UNIQUE LIVE-CAPTIONING SOFTWARE
SOVO’s proprietary live-captioning software is unique on many aspects including its multi-modality, based on the best speech recognition engine, a computer game joystick and a graphical user interface to allow our live captioners to produce the best possible captions using the input mode that is most appropriate to the task, in realtime. The software is especially efficient when captioning high speech rate, unscripted content.
The STDirect speech recognition sub-system relies on “acoustic models” which represent all the different sounds that make up words in a given language. These models have been built with advanced artificial intelligence techniques powered through very large server farms composed of hundreds of computing processors using tens of thousands of hours of carefully annotated audio files. SOVO is leading the way in applying deep learning technologies to the task of respeaking for the production of closed captions for live broadcasts. The resulting high-performance acoustic models are speaker independent, such that they do not need to be trained for the particular voice of the captioner. This leads to more consistent quality results.

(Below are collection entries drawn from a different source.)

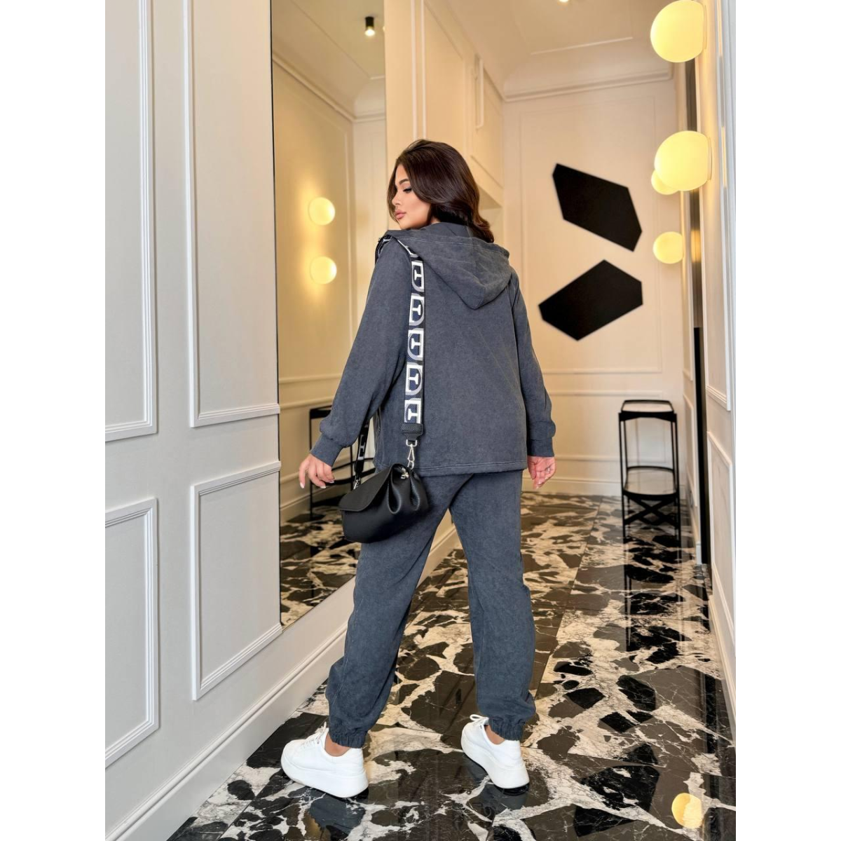 Жіночий костюм мікровельвет Сірий, 50/52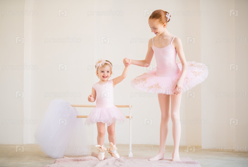 Старшая сестра, балерина в розовой пачке и пуантах, показывает малышке, как заниматься у станка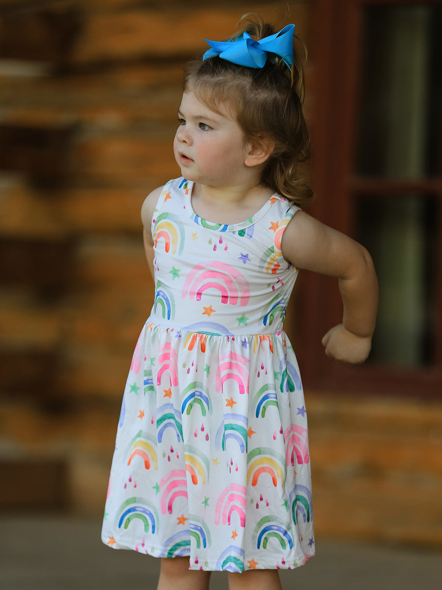 Experience the magic of rainbows and stars with our Rainbow Star Colorful 3-Piece Dress Set. Made with vibrant colors and a playful pattern, this set is sure to make your little one stand out. Perfect for any occasion, it's a must-have for any stylish kid's wardrobe.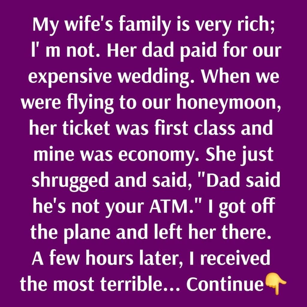 Darren had an economy ticket, while his wife flew first class. She casually said, “This sucks, but Dad says he’s not your money machine.” Her words, meant lightly, made Darren feel embarrassed and angry. He decided to leave the plane entirely. A few hours later, he received a call from his father-in-law. “I gave you a dream wedding and honeymoon without asking you to pay anything. Is this how you treat my daughter?” he said. “My daughter is used to a certain lifestyle, and I will continue providing for her, but I won’t support you.”

Version 8.0 of the STDirect software also introduces Dynamic-LM technology. Aside from the acoustic models, another key component of a speech recognition system is the language model which take into account the probabilities for words and sequence of words in a specific language or domain. The Dynamic-LM technology allows the use of very complex, arbitrarily large language models that cover a sub-domain or language with unmatched precision. As one particular example of the use of this technology, SOVO leverages a very detailed sub-grammar for representing numbers with all variations of decimals, fractions, orders, etc. Achieving superior accuracy on numbers and all their variations is of course of critical importance for caption intelligibility in domains such as business, public affairs, sports, weather, and more.

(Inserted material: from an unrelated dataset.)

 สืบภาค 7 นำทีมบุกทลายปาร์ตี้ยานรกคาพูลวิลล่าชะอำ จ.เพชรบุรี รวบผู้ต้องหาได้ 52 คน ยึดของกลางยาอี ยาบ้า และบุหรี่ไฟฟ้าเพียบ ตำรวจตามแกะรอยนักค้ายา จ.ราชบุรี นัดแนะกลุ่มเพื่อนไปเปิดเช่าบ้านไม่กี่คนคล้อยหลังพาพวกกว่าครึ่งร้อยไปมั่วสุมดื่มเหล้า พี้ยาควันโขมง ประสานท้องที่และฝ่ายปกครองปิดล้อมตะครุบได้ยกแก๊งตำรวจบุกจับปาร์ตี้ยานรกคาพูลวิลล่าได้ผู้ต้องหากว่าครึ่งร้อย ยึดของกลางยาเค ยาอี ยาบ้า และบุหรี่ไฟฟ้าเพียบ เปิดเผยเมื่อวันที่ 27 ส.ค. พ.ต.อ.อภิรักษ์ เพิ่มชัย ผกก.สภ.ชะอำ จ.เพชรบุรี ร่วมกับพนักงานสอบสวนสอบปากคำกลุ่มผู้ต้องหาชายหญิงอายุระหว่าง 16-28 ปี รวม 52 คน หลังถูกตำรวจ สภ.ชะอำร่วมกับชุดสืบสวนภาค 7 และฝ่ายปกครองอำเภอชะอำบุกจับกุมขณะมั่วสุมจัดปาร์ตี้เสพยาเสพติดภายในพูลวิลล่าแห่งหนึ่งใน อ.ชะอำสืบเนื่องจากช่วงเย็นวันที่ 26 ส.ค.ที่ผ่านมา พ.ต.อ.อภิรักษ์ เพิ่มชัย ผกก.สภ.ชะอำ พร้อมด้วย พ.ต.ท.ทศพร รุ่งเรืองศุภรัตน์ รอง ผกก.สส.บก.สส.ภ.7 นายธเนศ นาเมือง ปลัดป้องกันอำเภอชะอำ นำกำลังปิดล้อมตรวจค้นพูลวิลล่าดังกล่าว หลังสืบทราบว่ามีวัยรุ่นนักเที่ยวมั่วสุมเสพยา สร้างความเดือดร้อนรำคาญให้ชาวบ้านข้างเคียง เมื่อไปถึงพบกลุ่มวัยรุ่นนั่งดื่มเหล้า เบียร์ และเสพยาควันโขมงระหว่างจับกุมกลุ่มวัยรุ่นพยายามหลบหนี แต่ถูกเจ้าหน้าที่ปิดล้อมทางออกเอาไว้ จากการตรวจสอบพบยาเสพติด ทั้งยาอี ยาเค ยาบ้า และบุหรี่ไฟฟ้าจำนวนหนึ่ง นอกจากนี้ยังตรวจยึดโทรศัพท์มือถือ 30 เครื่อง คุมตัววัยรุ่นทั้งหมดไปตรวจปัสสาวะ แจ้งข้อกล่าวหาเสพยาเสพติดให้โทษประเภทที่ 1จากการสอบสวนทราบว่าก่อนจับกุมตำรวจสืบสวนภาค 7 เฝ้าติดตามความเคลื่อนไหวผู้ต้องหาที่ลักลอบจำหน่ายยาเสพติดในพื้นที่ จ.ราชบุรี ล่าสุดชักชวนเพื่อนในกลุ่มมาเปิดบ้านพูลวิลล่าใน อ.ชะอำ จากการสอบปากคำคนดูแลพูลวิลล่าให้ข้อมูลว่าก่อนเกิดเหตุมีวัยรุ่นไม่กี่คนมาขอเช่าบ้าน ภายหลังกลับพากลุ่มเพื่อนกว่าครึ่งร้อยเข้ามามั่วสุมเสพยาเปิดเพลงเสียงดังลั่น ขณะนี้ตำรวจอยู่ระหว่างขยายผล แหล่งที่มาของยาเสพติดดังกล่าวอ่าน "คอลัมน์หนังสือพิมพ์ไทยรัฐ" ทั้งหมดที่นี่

Aside from their voice, the live captioners use a joystick to input punctuation and special characters or text indicating either a change of speaker, background noises, clapping or other. This allows the captioner not to have to verbalize every period, comma, or other character that is often required, thus yielding a faster, more fluid and precise delivery of the live captions, especially when the speech rate is high. Finally, a custom-designed graphical interface allows the captioners to “click” words or other prepared text to be sent through in combination with the rest of the captions. This gives tremendous flexibility to the voice writers in delivering the best possible live captions. Complex, single-event names of teams or players (for instance the Ukrainian bobsleigh team members during a winter Olympics) or the specific name of a small town in Northern Manitoba can be prepared ahead of time (or even in realtime during production) and “clicked” through as an alternative to using voice input. Any scripted material available ahead of time can also be prepared to use directly in this user interface to reach 100% accuracy during these specific segments.
SOVO’s software architecture, unique in the industry, also allows the sharing of data, hardware and software among the entire group of voice writers working at SOVO. The server approach used by SOVO, contrary to an approach where each speaker uses personal dictation software running on their own computer, permits tapping much more powerful centralized software and hardware resources. Furthermore, the approach lets each captioner benefit immediately from system changes provided by their colleagues over the years in order to achieve better performance. In other organizations, captioners often work in silos and can hardly share new words, grammars or other improvements to solve transcription problems.